Thursday, 06/13/2019 5:39:39 PM

Thursday, June 13, 2019 5:39:39 PM

Post# of 798834
How can big funds get into the GSE equity if they can't pick it up directly off OTC?

Good question. Consider this:
Big Firm/Fund picks up the phone and calls (as example) Pershing Square and says "We're looking to park some money for a few cycles can you spin up a fund for us. Make sure it has GSE stock in it, a lot of it." New shares of new fund are issued with a baseline NAV that trends to the common and preferred stocks. They even make an inverse based on shorting.

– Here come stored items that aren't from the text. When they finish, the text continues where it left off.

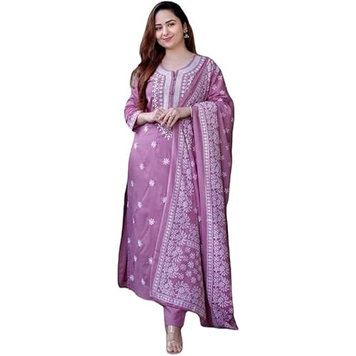 River of cloth Rayon Embroidered Kurta Pant Set for Women with Dupatta || Festive and Casual Wear Salwar Suit with 3/4th Sleeves
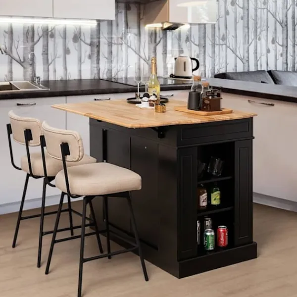 Bli först med att recensera ”COSTWAY Köksö>Köksvagn Central Kitchen Island – Vikbara bänkskivor, lådor, 2 dörrar, justerbar hylla – Svart” Avbryt svar
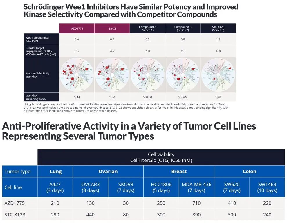 Schrödinger开发的Wee1抑制剂仍然采用AZD1775作为对标,在选择性上有所进步,但临床前数据似乎并没有太多优越性。不过,在动物模型中,STC-8123在停止给药后仍能表现持久的强大抑制功效。
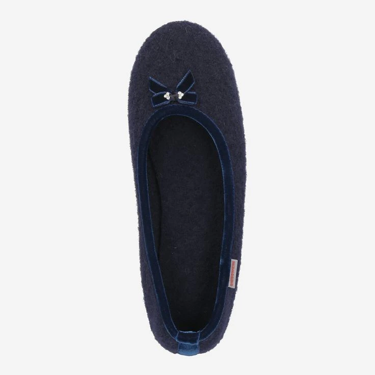 With this blue slipper you will enjoy the comfort of pure wool and the shapely design of a ballerina. The rolled wool warms your foot ideally, is breathable and as a pure natural material always a good choice. The model „Hohenau“ by Giesswein is complemented by a non-slip, stable sole made of rubber, so that you step safely. The hem of dark blue velvet is decorated by a small bow with rhinestones.
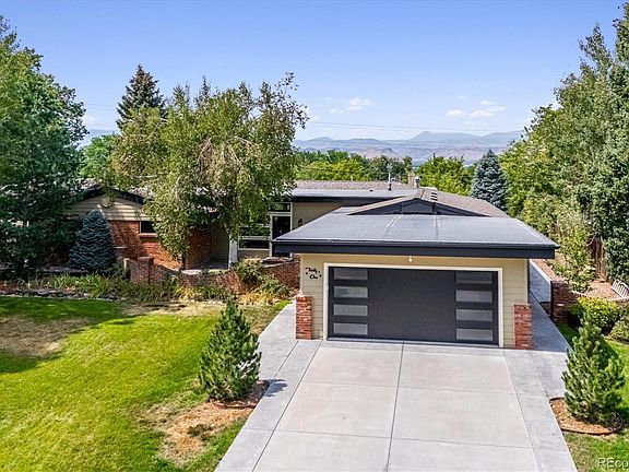 Set in the sought-after Paramount Heights neighborhood, this beautifully renovated ranch offers 2,700 square feet of main-floor living with stunning mountain views from almost every room. The floor to ceiling windows, wood floors, tall ceilings, and gas fireplace create a warm and inviting space. The open-concept layout is perfect for entertaining, featuring a chef’s kitchen with a large island, granite counters, pantry, stainless steel appliances, double ovens, and a gas range. The large dining room opens up onto the beautiful backyard. The home hosts three bedrooms, three bathrooms, a versatile office, and convenient main-floor laundry. The primary suite with mountain views opens up onto the sweeping patio and features a large bathroom and walk-in closet. A thoughtful remodel in 2020 brought new flooring, solid wood doors, Marvin windows, deluxe sliding doors, and a striking gas fireplace. Exterior updates include James Hardie siding, a stamped concrete patio, a partially new EPDM roof, and an expanded four-car garage with a new driveway. At 945 square feet, the garage offers endless opportunities for car enthusiasts, hobbyist, storage, or future expansion. Modern systems such as fully owned solar panels, A/C, dual tankless water heaters, and a radon mitigation provide efficiency and peace of mind. The outdoor features a stone lined creek that runs across the front of the property, a serene courtyard that leads to the front door, and a backyard oasis that's perfect for relaxing or outdoor entertaining. Enjoy a central yet tranquil location, within walking distance of Paramount Park, Crown Hill Park, Gold’s Marketplace, and the Wheat Ridge Rec Center. Easy access to Denver, Golden, and the mountains.
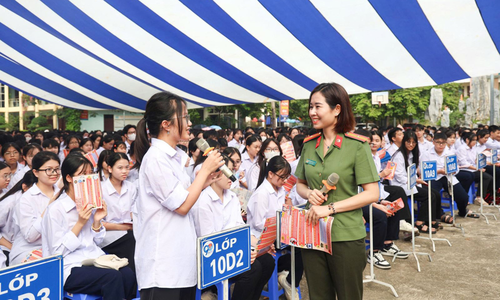 Cán bộ phòng An ninh mạng và phòng chống tội phạm sử dụng công nghệ cao tuyên truyền pháp luật cho học sinh. |
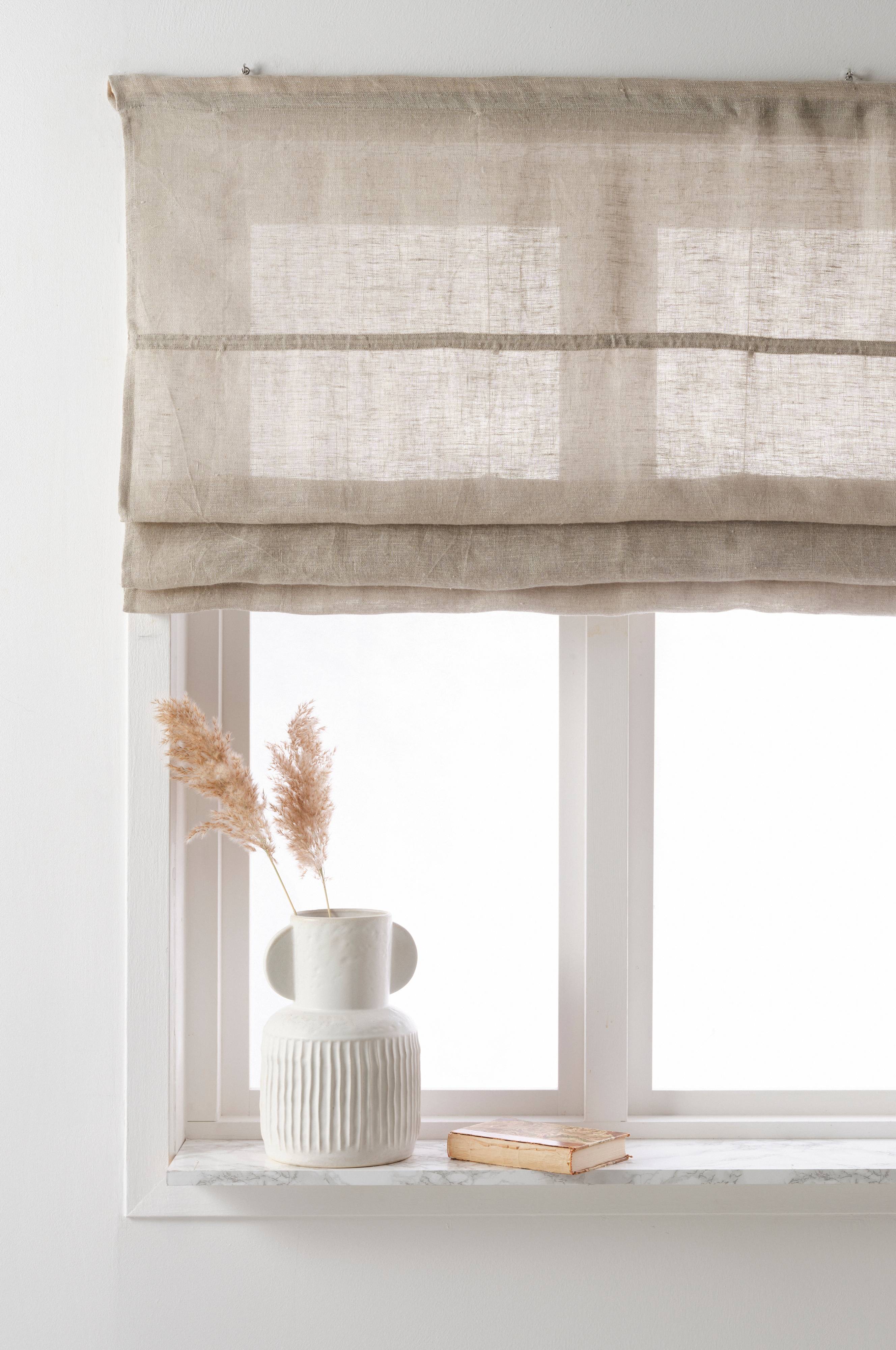 Hissgardin av äkta lin. Hissgardinen är enfärgad och linnetyget ger rustik känsla. Enkel uppsättning med hissfunktion. Kan hängas på vanlig gardinstång.
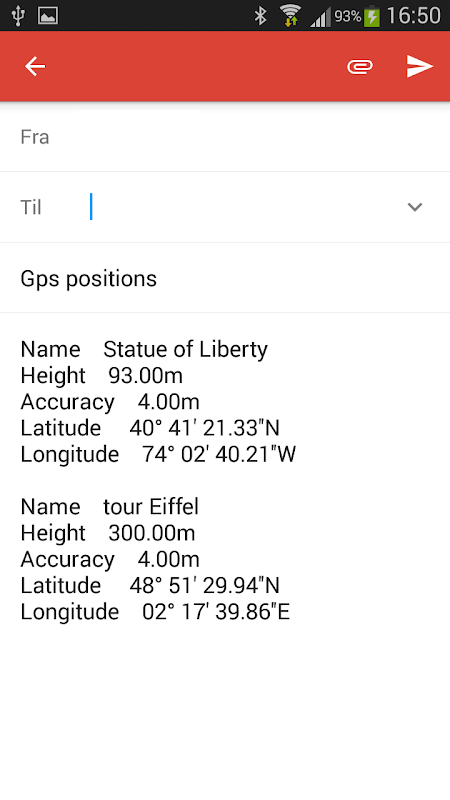 برنامه است که نمایش موقعیت GPS. برنامه به شما امکان موقعیت با یک کلیک را نجات دهد. تمام موقعیت ها را نجات داد می توان به راحتی از طریق پست الکترونیکی. اسلاید به سمت راست برای حذف یک موقعیت است.

It's directly correlated but not directly owned.

Big Firm/Fund says to Pershing Square "I'm feeling like your fund isn't balanced in a way we are comfortable with. We need you to pick up some more preferred. Oh by the way, we also want you to join the auction to buy some of the reperforming loans that Fannie/Freddie are selling out of their retained mortgage portfolio."

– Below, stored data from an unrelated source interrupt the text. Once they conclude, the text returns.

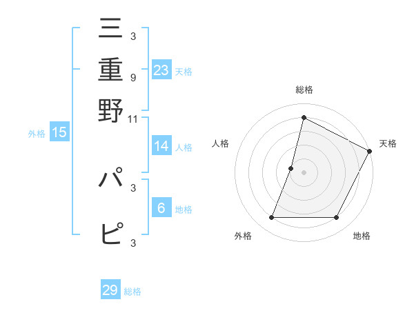 三重野 パピさんの総格は29画の4点!
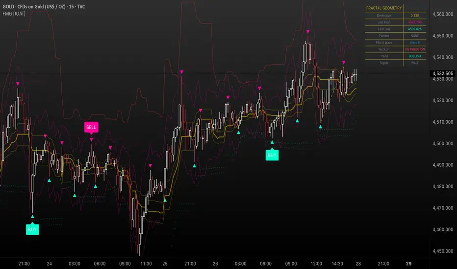 Fractal Market Geometry is an open-source overlay indicator that combines fractal analysis with harmonic pattern detection, Fibonacci retracements and extensions, Elliott Wave concepts, and Wyckoff phase identification. It provides traders with a geometric framework for understanding market structure and identifying potential reversal patterns with multi-factor signal confirmation.
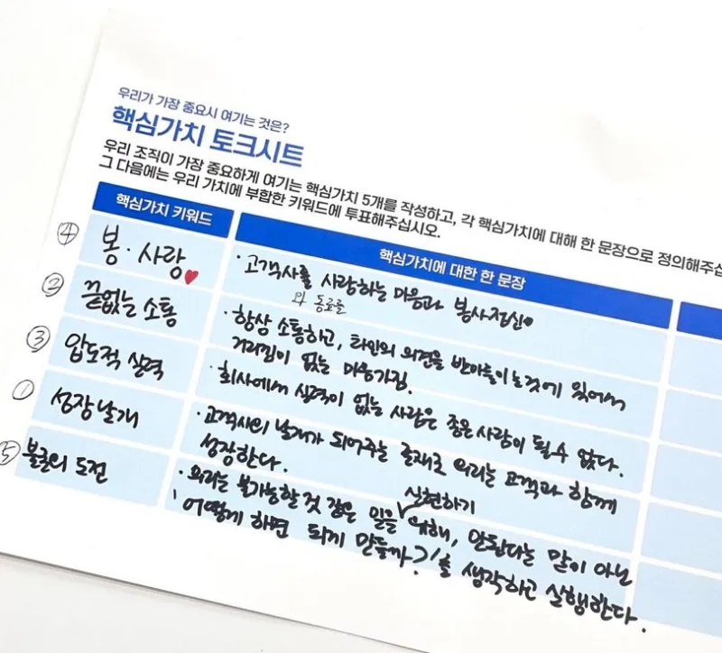 팀원들과 다 함께 애드리절트 마포지사의 핵심가치 수립 시 압도적 실력 : 회사에서 실력이 없는 사람은 좋은 사람이 될 수 없다는 단호한 가치를 세우기도 했다. (팀원들도 나와 비슷한 가치관을 가지고 있기에 나온 핵심 가치 아닐까)
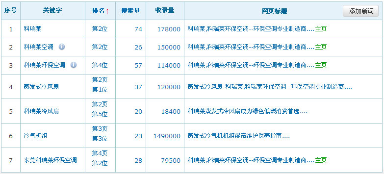關(guān)鍵詞在百度排名數(shù)據(jù):
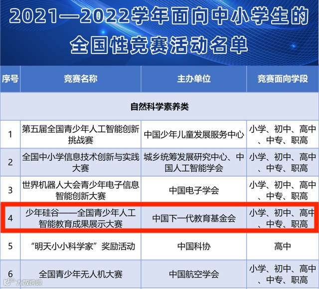 随着科学发展进入新时代,科技自立自强已经成为国家发展的战略支撑,为推动全面实施素质教育,促进科技创新与教育相结合,引导学校培养学生科学素养和创新精神,激发广大少年儿童投身建设科技强国的热情,2021年9月,经教育部(教监管厅函〔2021〕7号)批准第二届 “少年硅谷——全国青少年人工智能教育成果展示大赛” 将在全国范围内举办。
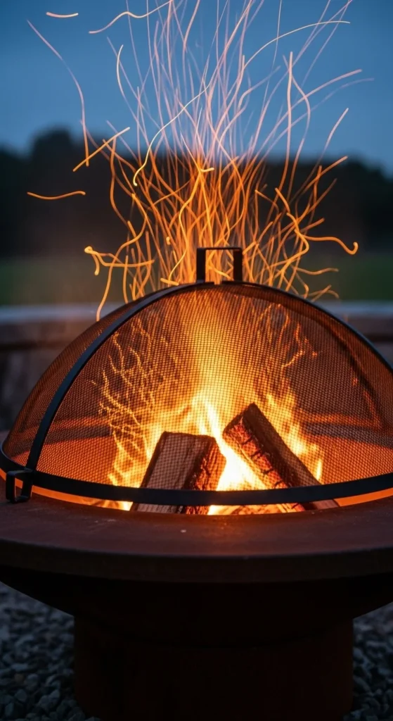 Choose a domed or flat screen that fits your fire pit. A budget option is buying a universal-fit screen. Use the screen during windy nights. Clean it regularly to prevent ash buildup.
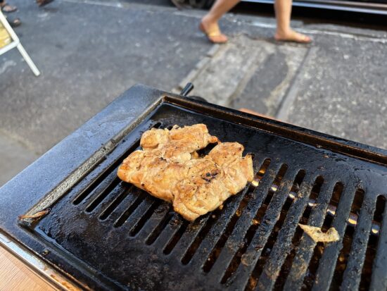 夕暮れのサヌールの路上で食べる焼肉は格別でした。

Best of both worlds. They get to help drain Fannie/Freddie's portfolio and they get to own their shares. They can't lose at this point.

This speaks to my broader suggestion earlier that Wall Street wants Fannie and Freddie to survive. They want them as the model for other charters and to rebirth them as a means to de-risk and create standardized mortgage liquidity processing infrastructure. Once those new charters begin doing what Fannie/Freddie do today, you will see lobbying to gut Fannie/Freddie into a utility platform. There is a reason they are already working on Common Securitization Platform and the Universal Mortgage Backed Security. These have now launched. Banks are looking well beyond the ability to have their own charters to compete with Fannie and Freddie. They are looking deep into the future at new and exotic financial instruments and derivatives based on the UMBS that can be bundled, packaged, traded, leveraged, and more.

The GSE companies will always exist, will always be vital to the US housing market, will always be reasonably profitable, and will eventually provide dividends back to shareholders. However, if the banks have it their way, the GSEs will slowly be boxed into a utility company for processing, bundling, and flowing securitizations.

If you want Fannie and Freddie to be the #1 company in the world, you will be disappointed. If you can be happy with a $25 to $100 share price and dividends of $1.5 to $2.5 per year, and to reach this possibly in a 3-5 year horizon, than this stock is for you.

But make no mistake, it is an almost inescapable destiny for the GSEs to eventually be morphed into back-end boring financial infrastructures to support other charters. This isn't scary or bad as long as the pps and the divs keep on rolling down to shareholders and private ownership rights are restored and protected.